El estilo del film me conmovió profundamente. El neorrealismo se había manejado en otro nivel, en el cual el director participaba completamente de
la narración, donde la línea de demarcación entre forma y contenido había sido
anulada, y eran los acontecimientos los que dictaban la forma. El sentido del
ritmo de De Seta, el uso de la cámara, su extraordinaria habilidad para fundir
a los personajes con el ambiente que los rodeaba fue para mí una completa
revelación. De Seta era un antropólogo que se expresaba con la voz de un poeta.
¿De dónde venía esta voz?
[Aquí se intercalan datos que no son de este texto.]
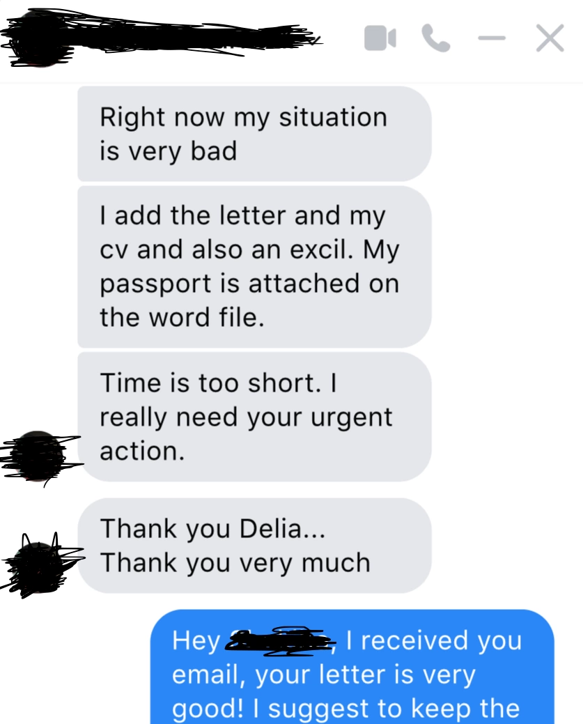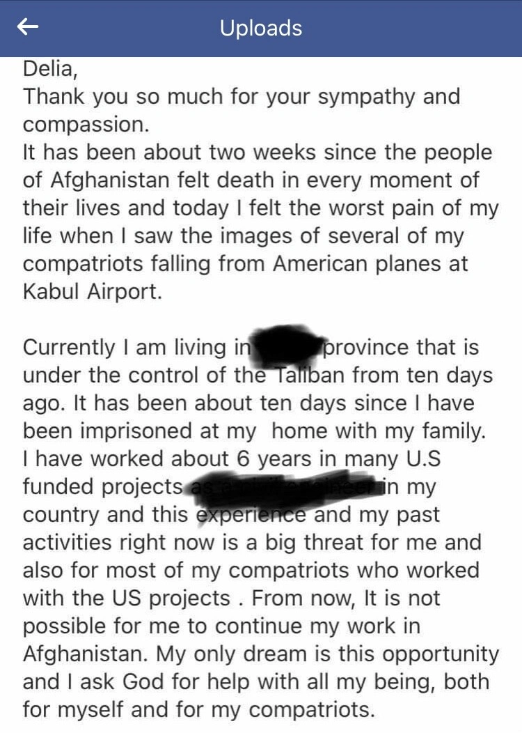 „Sper că ești bine. Cred că știi că Guvernul Afganistanului a căzut și că S.U.A. își închide Ambasada din Afganistan. Închiderea Ambasadei înseamnă respingerea aplicației mele. Am trimis aplicația la timp, dar de acum nu mai există ambasadă și situația este foarte periculoasă. Aș dori să contactez biroul principal al programului Humphrey și să solicit revizuirea aplicației mele. Este foarte important pentru mine și îmi este foarte greu să accept respingerea aplicației din cauza situației politice din țara mea. (...) Dacă ai vreun contact, te rog să-l împărtășești cu mine. Chiar am nevoie de ajutorul tău.”

Cuarenta años después, al hacerme esta pregunta,
he comprendido que tal vez sus documentales podían darme una respuesta. Al
final, los he proyectado y me he quedado estupefacto. La desorientación y la sorpresa me invadieron desde la primera imagen, no me sentía
preparado para lo que estaba viendo. Me sobrecogió una emoción
intensa, como si hubiera atravesado la pantalla y me hubiera reencontrado en un
mundo que no había nunca conocido, pero que de pronto reconocía.
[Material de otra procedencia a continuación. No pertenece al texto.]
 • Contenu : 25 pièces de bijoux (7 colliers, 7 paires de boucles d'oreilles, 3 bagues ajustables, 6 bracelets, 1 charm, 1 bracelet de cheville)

Un mundo crepuscular. Aquello que estaba mirando era mi cultura ancestral,
que se dirigía hacia su fin, a un paso de su ingreso en la esfera del mito. Me
viene a la mente una escena de la película Roma, de Fellini, donde un fresco desaparece al entrar en contacto
con la luz, durante la construcción de una línea de subterráneos –fragmentos de
una civilización que ha alcanzado la época moderna, y donde resuena aún la
música de la epopeya.
Pero no solo me había limitado a traspasar la pantalla, ahora estaba
entrando en los ojos del director, como si en el acto de apropiarme de nuestras
raíces comunes hubiera visto el mundo de De Seta. Estaba compartiendo su
curiosidad y su estupor, dándome cuenta con tristeza, como debió de haber hecho
él, que aquella era la última vez que la vitalidad de una cultura aislada se
filmaba.
Estaba en la pantalla, Sicilia. Una Sicilia que en mi familia, mis abuelos
fueron los últimos en conocer, una Sicilia olvidada. Un lugar donde la luz del
día era preciosa y la noche completamente oscura y misteriosa. Un lugar que había
permanecido inalterado por siglos, donde el estilo de vida es siempre el mismo,
donde las catástrofes naturales formaban parte de la existencia, amenazando
cada momento con muerte y destrucción. Un lugar donde la religión revestía una
importancia primaria, donde el sufrimiento de la vida venía revuelto con las
estaciones del Vía Crucis. En el fondo, esta gente se identificaba con la
liturgia de la crucifixión.
Eran los hijos de Sísifo, quien había aprisionado a Tánatos para evitar el
deceso de los mortales; los hijos de
Prometeo, quien había robado el fuego a los dioses para entregarlo a los
humanos, y que por esto, estaban castigados para toda la eternidad. Gente que
busca la redención a través del trabajo manual: en las vísceras de la tierra (Surfarara); el mar abierto (Contadini del mare); sobre las colinas (Parabola d’ oro), tirando las redes,
cortando el grano, extrayendo el azufre. Gente que parecía rezar a través del
cansancio de las manos.
¿De qué estaba compuesta esta alquimia? Era el cine en su esencia, donde el
director no registra la realidad, sino que la vive en primera persona. En estos
documentales encontré la misma humilde empatía de De Seta que había conocido
cuarenta años antes, en Banditi a
Orgosolo. No solo era el mundo de mis antepasados que se habría delante de
mis ojos, sino que era también un cine que ya no existía más. Un cine que tenía el
poder de la evocación religiosa.
La proyección había durado menos de una hora, pero el tiempo había pasado
lentamente, como si hubiera vivido cada simple fotograma. Era el cine en su
mejor expresión, capaz de transformar, que me había permitido comprender cosas
que nunca antes había comprendido y vivir emociones desconocidas para mí. Tenía
la sensación de haber hecho un viaje en un paraíso perdido.
* Texto escrito expresamente para la Cinemateca del Ayuntamiento de Bolonia,
en ocasión de la presentación a la Muestra de Arte Cinematográfica de Venecia
2005 de Banditi a Orgosolo, versión
restaurada por la Cinemateca de Bolonia-Laboratorio L´Immagine Ritrovata.